Tuesday, 18 September 2012

In Which I Considered Screaming

Being under sedation is not as sedate as you might think. Yesterday, the evil NHS told me that I couldn't eat ever again, or was it that I wasn't allowed to eat less than six hours before the surgery? I should probably look into that. Anyway, they clearly heard that my stomach had a case of the rumblies so they sat me down next to the tuck shop, full of all manner of sweeties and crisps and ginger beer and such. Clearly, food was on my mind a little bit, so I asked the attending what the hospital which sweetmeats and cheesy comestibles they were to lavish upon us- I say us as I was in a group of six and we'd individually be led off to the surgeon's room (in which I considered screaming, to freak out the other patients). Nursey told me that they would provide me with toast and tea- standard, fair enough. But I was in the hospital to look for nasties and to confirm that I had coeliac's disease. Toast make coeliac sufferer go bad. I pointed this out to them, and said I'd nip off to the tuck shop and get some of the bad stuff for later and promise not to run off crying with hospital gown and all. However, not only had the NHS made a point of shoving me next to all the beautiful sweets they knew I couldn't have, they decided to close it as soon as I needed it- this would have been around 15:30 on a weekday, the bastards. ANYROAD, it seems that they had literally never encountered a person having an endoscopy to see if they're allergic to gluten, as the only food they offered would be the sort that launched a world of hurt upon "picky eaters" like myself.  Let's say for argument's sake that they do 10 endoscopies a day (It's plenty more than that). Considering that one in 100 people in the U.K are thought to be gluten intolerant, that means that the hospital would only have started doing these procedures for around the last two weeks. If you can come up for a better explanation for why the nurse was given the runaround with five different departments, please furnish me with it. It's the infrastructure that's the issue, not the staff. All the staff were luvverly, even the surgeon until he jammed what felt like a Scalextric set down my gullet.

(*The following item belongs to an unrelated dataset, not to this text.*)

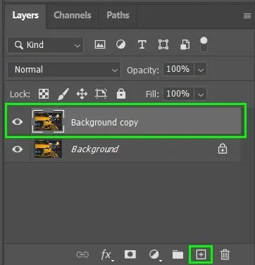 برای تکثیر لایهی پسزمینه، با استفاده از نشانگر موس روی آن کلیک کرده، آن را کشیده و روی دکمهی Create a new Layer که در بخش پایینی پنل لایه قرار گرفته، رها کنید (همانند عکس زیر). شما همچنین میتوانید از دکمههای Control + J در ویندوز و یا Command + J در سیستم عامل مک استفاده کنید.
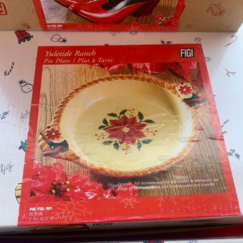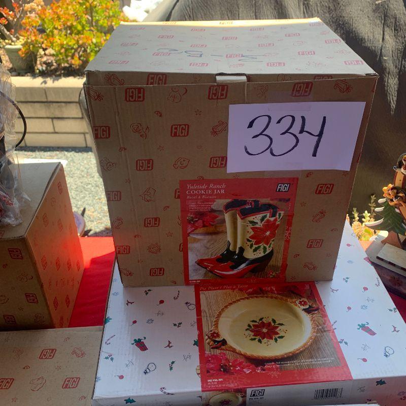 Lot 334. Figi Christmas Decor and dishes still in the box 5 pieces

Endoscopies- we can go all night long, baby

They'd done all the business of putting one of those valve needle jobbies into my hand in which to inject the sedative later on. I'd specifically asked for the sedative rather than the throat spray anaesthesia because I'd heard horror stories about that, and did from the other five who were there with me. Having the sedative is a wee bit more risky, but I was confident I'd made the right choice. It's meant to send you into a sort of stupor, so that you're still vaguely aware of what's going on around you- I was painfully aware. Apparently shoving things down your throat makes you gag. A lot. In that moment, I managed to get past the not inconsiderable pain and be grateful for the nil by mouth regime they'd stuck me on. The alternative would be drowning in my own sick (which at the age of 27 would give me something in common with Jimi Hendrix et al). As I made reference to before, the sedative didn't really seem to take hold. Apparently most people are incapable of walking unaided afterwards, whereas I seemed to be leaking bon mots. I have come to the idea that it was in fact a stimulant. It would explain why my throat seemed to be battered to shreds, and it would explain why I sashayed out of the hospital like a more manic Maria from The Sound of Music. It would also explain why I forgot to take my hospital gown off and looked like an escaped mental patient. But no matter. Yesterday was the first time since spring that I tried to win a bottle of Cava off of D by scoring a Frank Lampard freekick on Pro Evo 2008. Yesterday was the second time I won a bottle of Cava off of D by scoring a Frank Lampard freekick on Pro Evo 2008. I might even trade both in for one bottle of actual Champagne. My reaction was a little different from D when he hit that immense golf shot- as you should remember, he squealed with delight. I cried with laughter instead. D just cried. He thinks the hospital injected me with a stimulant as well, and has now stipulated if he ever lets me round his again that there will be random drugs tests in various sessions of playing Pro Evo. Finally, a boney fido reason for him making me wee into a cup around his. If he ever lets me round again.